If you have a consumer issue that you need help with, contact Grace on the Case at

“Our consultant did mention the abdomen in his report, but this is because Radiologist can view the abdomen from the lumbar spine pictures.

“The report was sent promptly to Mr T’s practitioners, however, it appears that Mr T was frustrated with his GP regarding Covid-19 issues, which we cannot help with.

“Our hospital manager phoned Mr T two times and left messages on the landline. No reply. It is now open for Mr T’s to call him back and address any issues.

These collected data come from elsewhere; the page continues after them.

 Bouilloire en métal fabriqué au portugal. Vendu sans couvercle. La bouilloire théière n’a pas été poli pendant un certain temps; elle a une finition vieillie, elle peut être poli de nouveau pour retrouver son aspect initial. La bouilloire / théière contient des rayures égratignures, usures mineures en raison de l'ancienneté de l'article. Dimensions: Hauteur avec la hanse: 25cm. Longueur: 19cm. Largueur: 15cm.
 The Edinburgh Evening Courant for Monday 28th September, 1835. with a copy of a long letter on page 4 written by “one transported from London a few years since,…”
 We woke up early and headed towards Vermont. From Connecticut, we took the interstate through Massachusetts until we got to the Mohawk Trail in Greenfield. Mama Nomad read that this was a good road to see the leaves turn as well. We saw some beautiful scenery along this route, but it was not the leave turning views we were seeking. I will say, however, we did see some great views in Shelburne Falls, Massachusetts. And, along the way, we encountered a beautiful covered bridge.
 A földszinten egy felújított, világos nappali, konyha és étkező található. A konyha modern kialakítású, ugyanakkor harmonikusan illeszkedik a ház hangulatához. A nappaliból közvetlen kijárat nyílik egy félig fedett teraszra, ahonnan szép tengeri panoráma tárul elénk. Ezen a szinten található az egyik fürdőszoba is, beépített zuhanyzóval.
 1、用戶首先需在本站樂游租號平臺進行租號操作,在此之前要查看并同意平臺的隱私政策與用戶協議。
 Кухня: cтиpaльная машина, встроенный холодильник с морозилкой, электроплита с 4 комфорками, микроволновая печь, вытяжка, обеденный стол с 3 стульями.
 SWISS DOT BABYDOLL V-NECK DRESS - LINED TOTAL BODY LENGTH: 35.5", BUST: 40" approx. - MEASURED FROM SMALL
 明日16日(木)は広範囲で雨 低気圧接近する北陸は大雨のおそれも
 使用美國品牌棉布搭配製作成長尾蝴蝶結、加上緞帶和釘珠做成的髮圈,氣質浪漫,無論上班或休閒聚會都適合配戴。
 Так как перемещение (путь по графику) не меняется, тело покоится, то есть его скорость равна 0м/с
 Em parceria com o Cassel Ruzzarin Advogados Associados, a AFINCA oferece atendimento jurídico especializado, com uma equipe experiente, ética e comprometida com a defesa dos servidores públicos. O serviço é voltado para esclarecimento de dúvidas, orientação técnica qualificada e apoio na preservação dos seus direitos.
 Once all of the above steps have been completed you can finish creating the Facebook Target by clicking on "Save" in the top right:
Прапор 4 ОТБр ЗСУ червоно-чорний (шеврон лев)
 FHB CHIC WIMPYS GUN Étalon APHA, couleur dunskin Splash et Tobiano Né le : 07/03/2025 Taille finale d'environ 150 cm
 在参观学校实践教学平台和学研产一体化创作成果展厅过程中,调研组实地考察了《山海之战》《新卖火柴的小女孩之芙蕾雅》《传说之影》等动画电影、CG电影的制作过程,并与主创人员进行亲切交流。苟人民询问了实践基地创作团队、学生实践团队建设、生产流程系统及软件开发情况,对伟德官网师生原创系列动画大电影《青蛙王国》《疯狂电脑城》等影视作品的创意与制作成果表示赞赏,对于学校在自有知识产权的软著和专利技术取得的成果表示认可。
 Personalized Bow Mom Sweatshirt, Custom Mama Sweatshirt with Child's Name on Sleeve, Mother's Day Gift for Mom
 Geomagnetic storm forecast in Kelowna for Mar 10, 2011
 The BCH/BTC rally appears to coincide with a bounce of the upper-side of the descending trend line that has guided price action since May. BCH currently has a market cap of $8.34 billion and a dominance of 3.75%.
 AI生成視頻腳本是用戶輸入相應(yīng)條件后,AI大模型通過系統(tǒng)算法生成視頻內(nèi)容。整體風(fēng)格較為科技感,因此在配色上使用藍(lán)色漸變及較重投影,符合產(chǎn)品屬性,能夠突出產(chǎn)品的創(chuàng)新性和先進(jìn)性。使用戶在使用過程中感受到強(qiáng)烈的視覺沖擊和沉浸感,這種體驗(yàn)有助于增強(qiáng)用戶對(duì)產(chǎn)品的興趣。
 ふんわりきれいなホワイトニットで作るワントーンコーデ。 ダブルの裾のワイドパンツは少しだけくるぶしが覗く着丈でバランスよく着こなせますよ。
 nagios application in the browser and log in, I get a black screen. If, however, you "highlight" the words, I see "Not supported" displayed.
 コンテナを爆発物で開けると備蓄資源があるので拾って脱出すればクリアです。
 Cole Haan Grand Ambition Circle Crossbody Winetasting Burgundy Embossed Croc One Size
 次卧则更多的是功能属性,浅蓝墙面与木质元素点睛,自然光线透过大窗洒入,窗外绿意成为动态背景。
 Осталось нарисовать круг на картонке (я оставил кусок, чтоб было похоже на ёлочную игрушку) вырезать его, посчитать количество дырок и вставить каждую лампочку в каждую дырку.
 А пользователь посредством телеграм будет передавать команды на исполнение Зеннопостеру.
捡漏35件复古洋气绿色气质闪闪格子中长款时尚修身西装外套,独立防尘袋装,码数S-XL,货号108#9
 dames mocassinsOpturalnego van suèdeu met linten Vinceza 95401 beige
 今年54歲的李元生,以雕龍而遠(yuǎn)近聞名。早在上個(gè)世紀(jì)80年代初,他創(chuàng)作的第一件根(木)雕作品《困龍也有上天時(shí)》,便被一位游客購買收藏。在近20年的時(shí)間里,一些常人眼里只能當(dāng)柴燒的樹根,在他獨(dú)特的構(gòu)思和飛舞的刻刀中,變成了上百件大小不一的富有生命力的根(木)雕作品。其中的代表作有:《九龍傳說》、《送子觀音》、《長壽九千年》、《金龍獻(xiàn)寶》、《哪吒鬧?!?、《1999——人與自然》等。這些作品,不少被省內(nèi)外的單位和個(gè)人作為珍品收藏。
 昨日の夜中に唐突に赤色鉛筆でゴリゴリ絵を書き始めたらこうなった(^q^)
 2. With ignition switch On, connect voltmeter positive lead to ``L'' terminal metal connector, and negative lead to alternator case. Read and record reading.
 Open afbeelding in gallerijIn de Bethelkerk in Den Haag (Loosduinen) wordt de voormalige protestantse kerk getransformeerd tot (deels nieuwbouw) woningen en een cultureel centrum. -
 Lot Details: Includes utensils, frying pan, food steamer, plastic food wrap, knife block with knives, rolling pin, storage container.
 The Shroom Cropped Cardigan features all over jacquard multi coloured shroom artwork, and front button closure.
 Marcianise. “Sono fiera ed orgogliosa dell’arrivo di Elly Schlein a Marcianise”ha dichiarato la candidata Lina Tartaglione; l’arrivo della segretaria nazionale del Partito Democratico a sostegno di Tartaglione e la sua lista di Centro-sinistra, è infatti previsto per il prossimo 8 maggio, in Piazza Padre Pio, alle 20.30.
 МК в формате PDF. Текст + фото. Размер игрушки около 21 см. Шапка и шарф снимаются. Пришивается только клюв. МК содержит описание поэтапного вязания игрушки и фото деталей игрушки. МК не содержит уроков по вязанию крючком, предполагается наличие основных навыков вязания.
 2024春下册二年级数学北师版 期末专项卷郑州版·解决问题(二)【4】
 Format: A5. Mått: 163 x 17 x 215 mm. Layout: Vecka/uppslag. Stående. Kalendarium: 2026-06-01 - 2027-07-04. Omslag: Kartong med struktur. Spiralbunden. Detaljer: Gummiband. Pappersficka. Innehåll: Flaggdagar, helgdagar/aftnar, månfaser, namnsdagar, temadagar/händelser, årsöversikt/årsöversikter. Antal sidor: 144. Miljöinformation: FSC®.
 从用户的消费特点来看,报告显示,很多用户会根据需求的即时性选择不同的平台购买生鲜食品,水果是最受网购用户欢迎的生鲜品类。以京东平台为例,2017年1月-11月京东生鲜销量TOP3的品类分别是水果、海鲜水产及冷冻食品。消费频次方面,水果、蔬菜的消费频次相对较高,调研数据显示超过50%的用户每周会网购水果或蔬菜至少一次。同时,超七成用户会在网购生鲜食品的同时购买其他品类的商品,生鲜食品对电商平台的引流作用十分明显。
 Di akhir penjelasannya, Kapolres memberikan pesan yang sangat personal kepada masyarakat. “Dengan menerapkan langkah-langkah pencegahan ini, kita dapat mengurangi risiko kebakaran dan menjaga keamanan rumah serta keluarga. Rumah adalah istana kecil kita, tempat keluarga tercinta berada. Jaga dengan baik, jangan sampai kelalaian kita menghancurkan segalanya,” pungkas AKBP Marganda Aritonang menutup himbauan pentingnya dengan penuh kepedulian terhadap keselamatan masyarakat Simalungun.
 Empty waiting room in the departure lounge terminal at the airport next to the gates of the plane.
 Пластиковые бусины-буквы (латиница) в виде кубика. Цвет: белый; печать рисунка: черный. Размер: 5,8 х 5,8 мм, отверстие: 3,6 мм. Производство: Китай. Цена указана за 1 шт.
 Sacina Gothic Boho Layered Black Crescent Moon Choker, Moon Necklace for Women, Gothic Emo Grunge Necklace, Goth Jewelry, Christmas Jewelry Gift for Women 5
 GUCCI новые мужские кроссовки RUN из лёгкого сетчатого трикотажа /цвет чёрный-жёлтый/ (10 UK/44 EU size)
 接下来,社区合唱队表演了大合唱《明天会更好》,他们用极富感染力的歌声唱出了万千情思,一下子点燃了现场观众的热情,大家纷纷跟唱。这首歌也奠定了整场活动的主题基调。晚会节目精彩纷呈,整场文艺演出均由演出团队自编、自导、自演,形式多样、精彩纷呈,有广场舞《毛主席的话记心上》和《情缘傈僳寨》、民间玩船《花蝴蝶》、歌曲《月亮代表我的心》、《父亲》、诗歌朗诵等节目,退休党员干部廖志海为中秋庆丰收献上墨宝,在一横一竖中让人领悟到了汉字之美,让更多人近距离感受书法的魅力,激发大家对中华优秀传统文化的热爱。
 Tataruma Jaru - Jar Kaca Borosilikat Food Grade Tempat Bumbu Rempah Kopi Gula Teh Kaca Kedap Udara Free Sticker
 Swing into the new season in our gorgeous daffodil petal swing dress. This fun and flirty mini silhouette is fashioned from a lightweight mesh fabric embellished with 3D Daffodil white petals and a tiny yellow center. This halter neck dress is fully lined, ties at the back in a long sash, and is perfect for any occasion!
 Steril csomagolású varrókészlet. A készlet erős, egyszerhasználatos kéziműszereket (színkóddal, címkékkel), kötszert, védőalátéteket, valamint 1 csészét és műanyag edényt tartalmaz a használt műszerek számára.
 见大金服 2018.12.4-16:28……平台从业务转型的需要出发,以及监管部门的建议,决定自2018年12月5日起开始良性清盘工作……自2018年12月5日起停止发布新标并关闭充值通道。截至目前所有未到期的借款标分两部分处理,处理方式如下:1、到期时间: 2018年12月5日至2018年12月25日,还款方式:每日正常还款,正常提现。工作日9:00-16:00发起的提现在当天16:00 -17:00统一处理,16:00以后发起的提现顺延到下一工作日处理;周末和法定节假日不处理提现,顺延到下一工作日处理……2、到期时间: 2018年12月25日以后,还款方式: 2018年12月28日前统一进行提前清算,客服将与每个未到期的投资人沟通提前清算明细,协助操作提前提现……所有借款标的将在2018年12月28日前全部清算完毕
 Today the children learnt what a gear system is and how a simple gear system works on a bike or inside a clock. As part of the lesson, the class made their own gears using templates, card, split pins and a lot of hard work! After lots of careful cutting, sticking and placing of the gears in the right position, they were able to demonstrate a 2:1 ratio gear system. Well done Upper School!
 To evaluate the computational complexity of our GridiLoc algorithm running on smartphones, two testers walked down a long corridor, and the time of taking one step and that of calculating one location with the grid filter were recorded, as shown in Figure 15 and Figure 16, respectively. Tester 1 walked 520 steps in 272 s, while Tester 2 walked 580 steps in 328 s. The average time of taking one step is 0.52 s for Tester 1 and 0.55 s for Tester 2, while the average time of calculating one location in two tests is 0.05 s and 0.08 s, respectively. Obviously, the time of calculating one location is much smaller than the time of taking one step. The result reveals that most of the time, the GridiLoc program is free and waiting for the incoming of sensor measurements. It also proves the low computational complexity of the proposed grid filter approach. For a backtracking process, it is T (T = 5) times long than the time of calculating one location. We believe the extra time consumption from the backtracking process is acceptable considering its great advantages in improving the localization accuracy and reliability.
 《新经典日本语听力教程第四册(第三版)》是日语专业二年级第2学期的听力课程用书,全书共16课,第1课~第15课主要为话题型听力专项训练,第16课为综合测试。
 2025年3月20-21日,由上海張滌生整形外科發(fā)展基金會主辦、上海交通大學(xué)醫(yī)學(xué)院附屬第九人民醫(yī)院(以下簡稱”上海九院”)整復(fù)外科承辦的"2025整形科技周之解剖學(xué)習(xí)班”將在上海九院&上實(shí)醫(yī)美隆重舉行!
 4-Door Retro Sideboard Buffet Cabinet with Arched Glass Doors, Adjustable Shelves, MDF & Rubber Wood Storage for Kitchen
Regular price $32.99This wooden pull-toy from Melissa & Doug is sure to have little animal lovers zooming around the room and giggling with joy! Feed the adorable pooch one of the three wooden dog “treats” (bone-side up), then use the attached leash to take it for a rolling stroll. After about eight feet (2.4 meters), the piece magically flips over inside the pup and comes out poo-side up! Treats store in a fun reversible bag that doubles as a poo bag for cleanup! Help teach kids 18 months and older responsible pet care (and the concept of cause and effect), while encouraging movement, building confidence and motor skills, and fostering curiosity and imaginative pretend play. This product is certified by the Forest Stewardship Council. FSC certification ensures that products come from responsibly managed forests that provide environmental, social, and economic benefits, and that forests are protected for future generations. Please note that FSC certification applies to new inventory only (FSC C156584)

MRI Plus believes it has acted in accordance with the instructions and strongly denies any suggestion that it didn’t perform correct scans.  

But, I was informed by you that you could get a 50% refund after you had contacted the firm. So you’ve only spent one scan, but you were able to return the money for the other, the one you believe was incorrect, and the cost of the CD report.

Fortunately, the funds of £204.50 have been confirmed to be returned to you imminently and you have said you are happy with the decision.  

A fraud victim was frustrated when Three said to cancel his direct debit to resolve the issue

Three offered to cancel the direct debit of a fraud victim in order to solve the problem.

Missing: Here’s this week’s nice and naughty list

Every week I review companies who have not met expectations and those who have done extra for their customers.

Miss:Imran the reader had to fight with his phone network last week. Three.

“I was contacted by fraudsters, claiming that they were Carphone Warehouse. The call came at the same time as my contract was ending.

‘They offered me an IPhone 13 Pro Max with unlimited data at £35 a month which I agreed to. It turned out that they were scammers and took out multiple contracts under my name, one with O2 as well as one with Three.

‘O2 investigated my case and as a result closed the case and removed the fraud from my credit file, dealing with this in under 10 days. 

“However, Three said that it had been looking into the matter for over a month, but couldn’t provide any answers. The direct debit would most likely be resolved in bad credit. I was told to cancel it. What do I do now?

O2 was able to resolve the issue instantly, while Three took over a month to fix the problem and even advised you to stop your direct debit.

I called the company to inquire why it took so long to resolve the issue.

A spokesperson for Three said that Imran was having difficulty closing his account. Our customer service wasn’t up to the usual high standards.

“We have since reported the account fraudulent and offered the customer both a full refund and a gesture to goodwill. This experience has prompted us to conduct further training for our employees.

Luckily, this has been sorted, and you received a goodwill gesture of £100, but it is a good reminder to customers to be aware when receiving any phone calls from someone trying to sell you something. 

Hit: A happier note is this: An anonymous reader, who wishes to remain anonymous, has praised the week’s accomplishments. Mobile Hut‘s customer service.

She said: ‘My old-school Nokia mobile suffered an unfortunate incident involving my handbag and a water bottle. 

“Despite the mobile’s stalwart status showing no signs or hope, my Nokia was saved by a Surrey-based tech geek and mobile genius. She survived another decade of heavy knocks and waterlogging. 

It was clear that the business wasn’t a scam and it is good to see that original Nokias, which were made to last, are still in operation.